The king fishery began picking up in July, although the run was smaller than expected. Approximately 37,765 late-run kings returned to the Kenai this year, with around 19,000 escaping to spawn. This number is near the lower end of the department’s goal of between 17,800 and 35,700.

Kenai River Professional Guide Association president Steve McClure said the king season was definitely up and down.

“It was sort of a roller coaster year,” McClure said.

Despite the mediocre return, however, anglers were helped by clear water that resulted in catch rates that were reported as excellent at times. For the season, anglers managed to pull in approximately 18,000 kings, 5,000 more than the average annual harvest.

In addition to a lot of kings getting caught, there were some big ones out there, as well. For the season, the department certified seven kings that were in excess of 55 inches of length — and seven others were brought in that measured just under 55 inches.

McClure said he’d characterize the king fishing as good, but not overwhelming.

“It was a good year but it wasn’t awesome,” he said.

Sport fisherman Dwight Kramer said he had great success fishing the Kenai, managing to come home with a king almost every trip.

“It was really good,” Kramer said.

As for sockeye salmon fishing, both the number of fish returning to the river and catch rates were strong through the entire season. The department’s preseason forecast was good — 3.3 million fish — and the actual return was even better. ADFG estimates show that the return ended up at around 5 million fish, with an average of more than 26,000 sockeye coming into the river each day in July.

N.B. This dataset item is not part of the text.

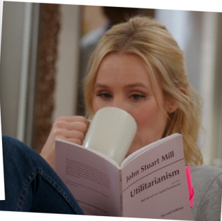
MORGAN SACKETT / NBC

The department has not yet estimated how many fish anglers caught, but an estimated 1.4 million sockeye passed the department’s sonar site at river Mile 19. With such a large amount of fish coming into the river, it’s estimated that the escapement will come in at more than 1 million fish.

The department even liberalized bag limits for sport fishermen and increased the amount of hours dipnet fishers could go in order to try and get as many fish caught as possible.

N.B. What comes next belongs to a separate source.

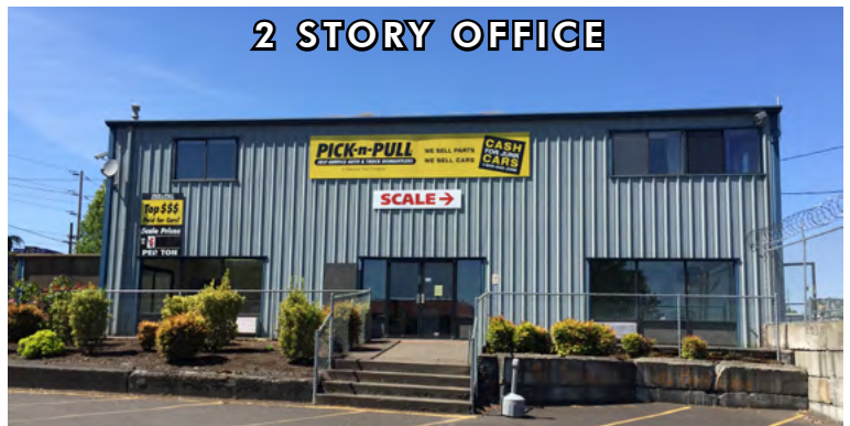
2 STORY OFFICE

“There were times after they raised the limit to six fish when we were limiting out in 15 or 20 minutes,” Kramer said.

Not only was red fishing good in July, but an unusual late pulse of fish hit the river in August, as well. During the first three weeks of August, an estimated 536,000 sockeye poured into the river, a number that has never been approached since record keeping began.

As the fishing season winds down on the Kenai, anglers have reported that things have quieted down significantly. The coho salmon fishery has been reported as slow throughout the season, although the department has not yet completed its silver salmon assessment project.